The note, issued in March by the Construction Procurement Policy Unit, focuses on Sustainable Tender Pricing, which SNIPEF highlighted in its document as a primary area for consideration by the incoming government after the Holyrood election in May.

The comprehensive Manifesto was intended to alert legislators to the issues on which the Federation has been consistently campaigning, among which procurement on a whole life basis rather than lowest cost was of immediate relevance.

Now the policy note is reminding bidders of the importance of submitting realistic and sustainable bids, and public sector clients of ensuring that only those bids that represent the best value in terms of whole life cycle and project delivery are accepted.

The public sector spends around £4 million a year on construction, a sector made up in Scotland of 31,000 businesses which employ 170,000 people. It is a vital part of the Scottish economy.

Fiona Hodgson, Chief Executive of SNIPEF, said: “Our Manifesto was aimed at helping to build a resilient and sustainable construction landscape in which plumbing and heating firms can develop, compete and thrive.

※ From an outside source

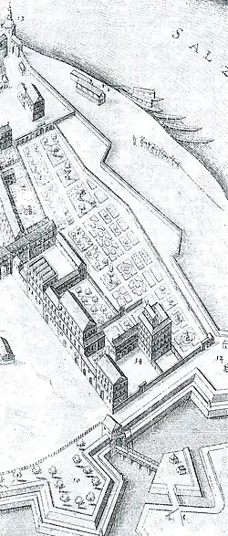 Die Gegend um den jetzigen Mirabellplatz lag bis kurz nach Errichtung der Schlossanlage Mirabell 1607 außerhalb der Stadtmauer, die entlang der heutigen Paris-Lodron-Straße verlief und in Resten noch vorhanden ist. Das Gelände, das umliegend als Burgfeld bezeichnet wurde, war in zahlreiche Privatgrundstücke geteilt, die vielfach als Obst- und Gemüsegärten genutzt wurden und auf denen auch Gebäude standen.[4] Erst mit dem Bau der Lodronschen Stadtbefestigung ab 1620 kam das Gebiet um das Schloss in einen wehrgeschützten Bereich, um es im Dreißigjährigen Krieg gemeinsam mit dem Rest der Stadt vor Feindeinfall zu bewahren. Unmittelbar nördlich des heutigen Platzes entstanden eine Ummauerung und die Bollwerke und Bastionen des rechtsufrigen Stadtbereichs, die von der Salzach bis zum Kapuzinerberg verliefen und nördlich bis östlich des heutigen Mirabellplatzes einen 90-Grad-Bogen beschrieben. Der Verlauf ist heute noch an den Straßenzügen von Franz-Josef-Straße und Auerspergstraße nachzuvollziehen. Das für die Wehranlage benötigte Areal, eine Fläche bestehend aus „8 Häuser, 1 Lusthäuschen, 19 Städel und Ställe (kleinere Nebengebäude ungerechnet), 15 Gärten und etwa 30 andere Grundstücke“, war den privaten Besitzern um insgesamt etwa 40.000 Gulden abgelöst worden.[4] Die gesamte Befestigungsanlage wurde 1862, da nicht mehr der fortgeschrittenen Wehrtechnik entsprechend, abgetragen. Die Steine wurden zur Aufschüttung der Wehrgräben und für die Regulierung der Salzach etwa im Bereich zwischen Staatsbrücke und Eisenbahnbrücke verwendet.

“It is encouraging that the new policy note on sustainable tendering recognises that the public sector must identify abnormally low tenders, investigate them and exclude them if there is no reasonable justification for the bid. However, it would be more encouraging if it outlined clear means of enforcement.

“Unsustainable pricing benefits no one and it is the responsibility of contractors and clients to end this corrosive practice and incorporate a culture in which such practices are unacceptable.”

The CPN argues that the real issue is an environment in which low bidding is the norm. It says the practice can stem from a perception among bidders that winning a tender is the start of the discussion on price. It adds that contracting authorities may misguidedly place a greater emphasis on price than is healthy.

Specialist construction industry consultant Len Bunton, said: “this is a step in the right direction, however a great deal of work needs to be carried out here to see this becoming a reality. Government keeps talking about procurement becoming value driven, and not lowest cost, so a procurement strategy needs to be delivered to ensure this happens. The practice of subcontractors being asked to give further discounts before a subcontract is placed, is wholly unacceptable and more transparency is needed.”

Professor Rudi Klein, construction expert and a major force in driving industry improvement, said: “I pay tribute to SNIPEF’s campaigning on this issue. Unsustainable pricing militates against firms being able to deliver social value such as employing apprentices, upskilling their workforces and investing in new equipment and technologies which altogether drive-up quality.”

The Manifesto from SNIPEF, which represents more than 750 businesses and more than 5,000 plumbing and heating operatives in Scotland and Northern Ireland, highlighted four key areas: Net Zero; Employment; Fair Work, including procurement practices; and Protection of Title.